What to produce
Reproduce, exactly and in full, the lines from the one with "Later, attention shifted" through the one with "また、LOHAS CLUBの" in the data below; drop pictures.

Source records
○ ○ ○ ○ ○
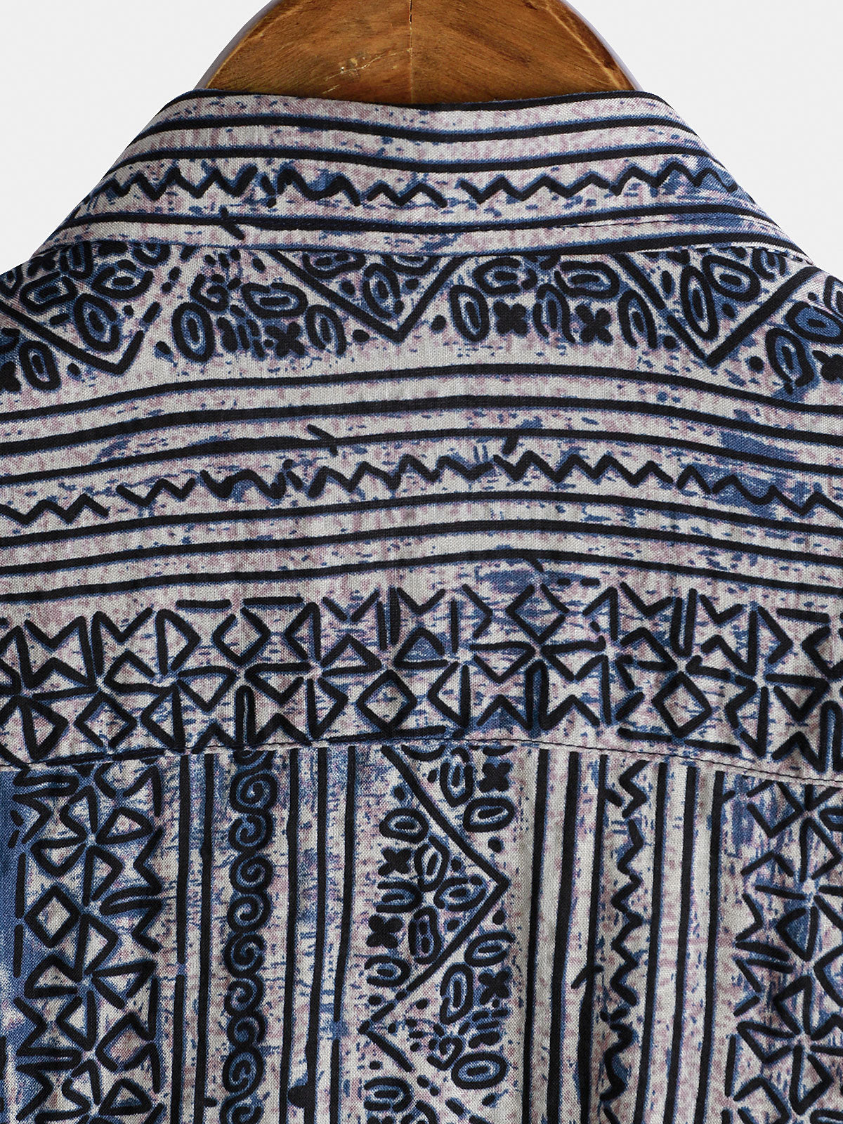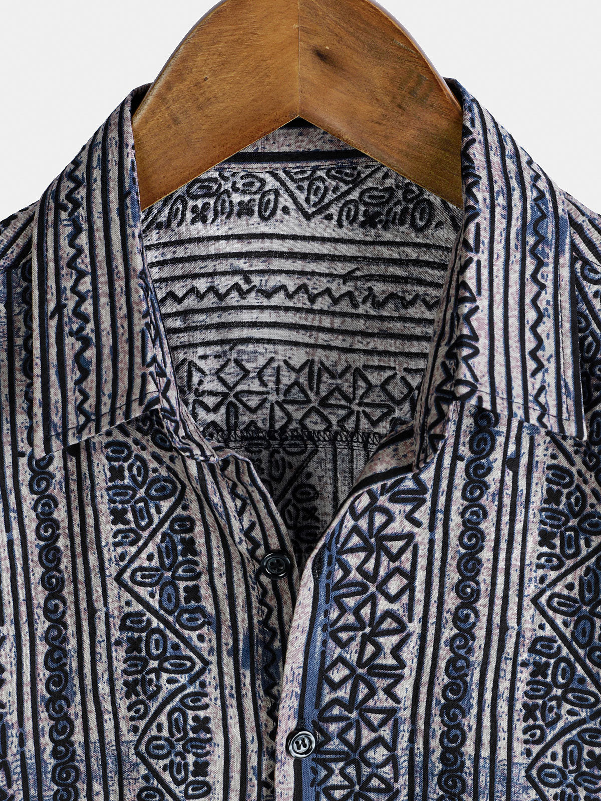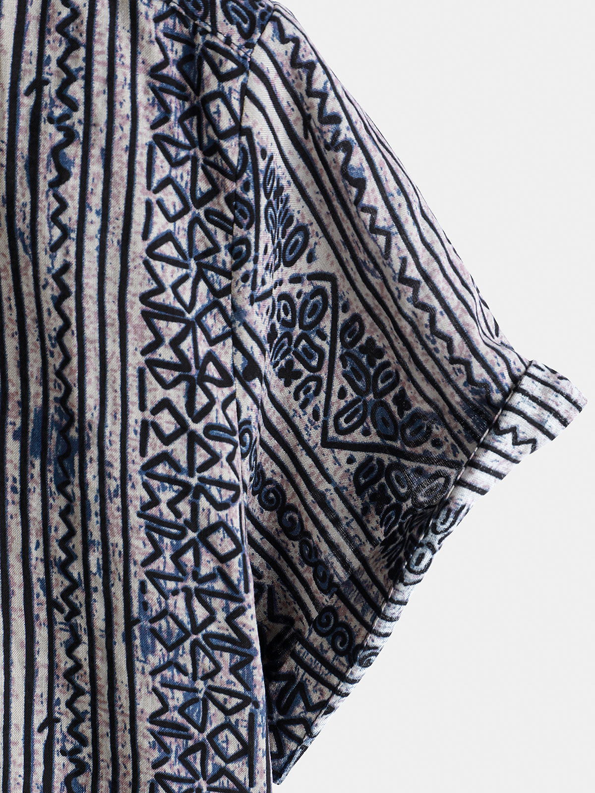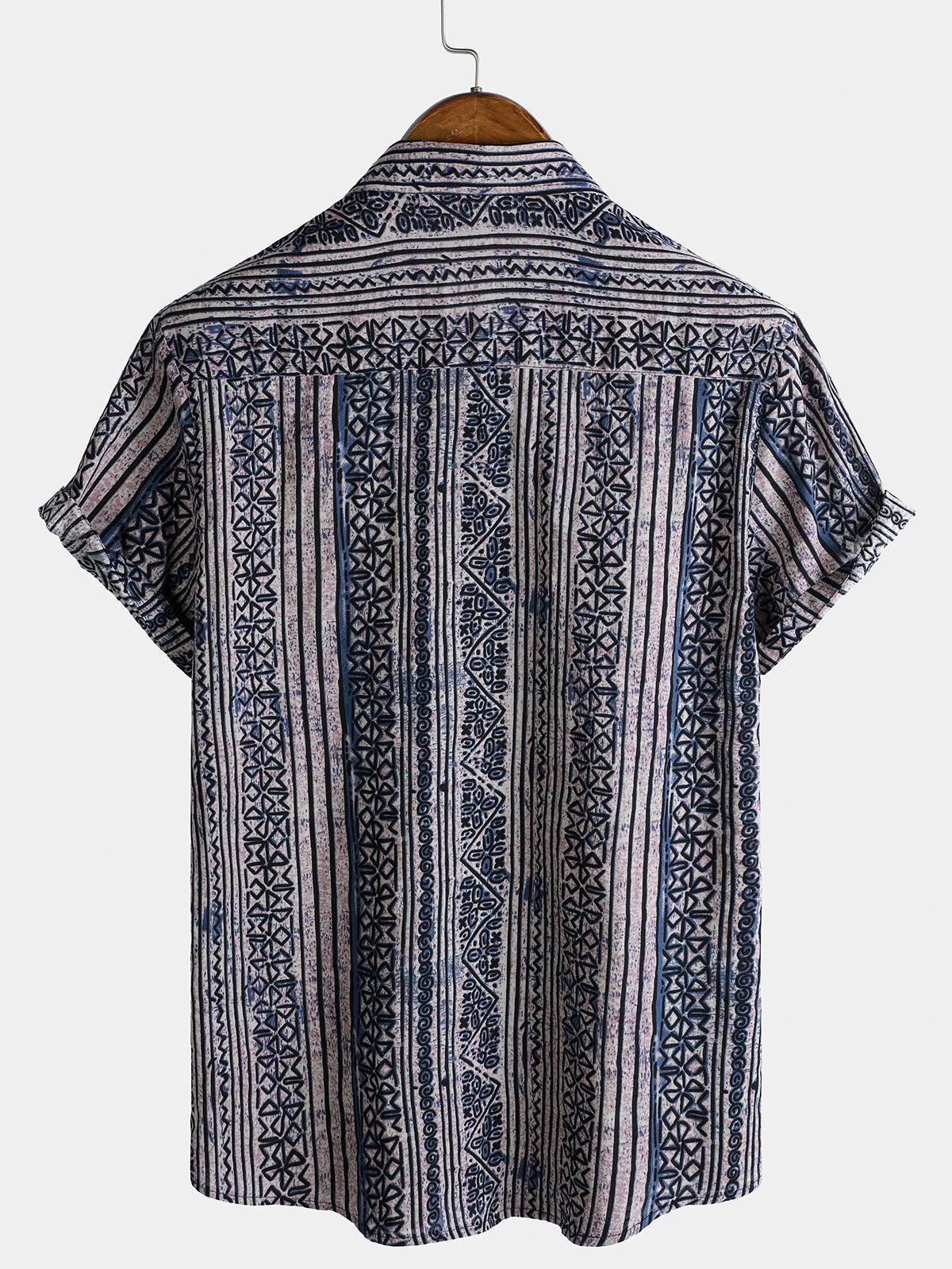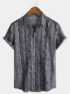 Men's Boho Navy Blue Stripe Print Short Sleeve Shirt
○ ○ ○ ○ ○
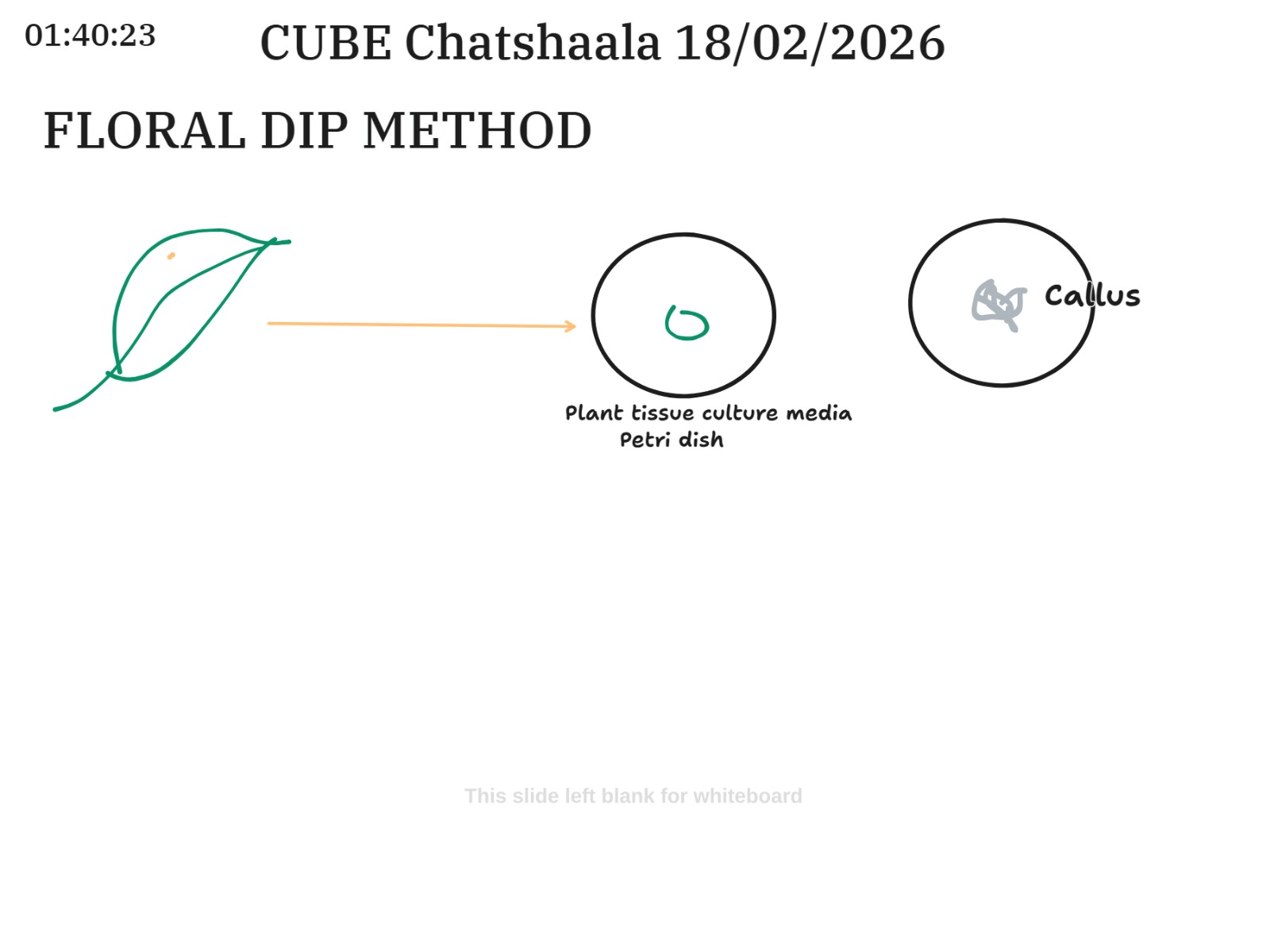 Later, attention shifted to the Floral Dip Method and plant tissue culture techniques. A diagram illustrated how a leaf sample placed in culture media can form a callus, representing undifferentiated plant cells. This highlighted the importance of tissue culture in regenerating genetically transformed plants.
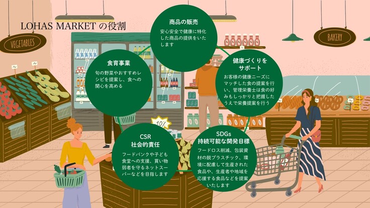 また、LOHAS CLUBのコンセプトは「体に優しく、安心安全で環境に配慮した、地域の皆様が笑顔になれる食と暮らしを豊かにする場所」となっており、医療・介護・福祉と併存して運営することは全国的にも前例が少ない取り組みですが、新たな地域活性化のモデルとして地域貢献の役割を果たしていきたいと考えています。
○ ○ ○ ○ ○
Output
 Later, attention shifted to the Floral Dip Method and plant tissue culture techniques. A diagram illustrated how a leaf sample placed in culture media can form a callus, representing undifferentiated plant cells. This highlighted the importance of tissue culture in regenerating genetically transformed plants.
 また、LOHAS CLUBのコンセプトは「体に優しく、安心安全で環境に配慮した、地域の皆様が笑顔になれる食と暮らしを豊かにする場所」となっており、医療・介護・福祉と併存して運営することは全国的にも前例が少ない取り組みですが、新たな地域活性化のモデルとして地域貢献の役割を果たしていきたいと考えています。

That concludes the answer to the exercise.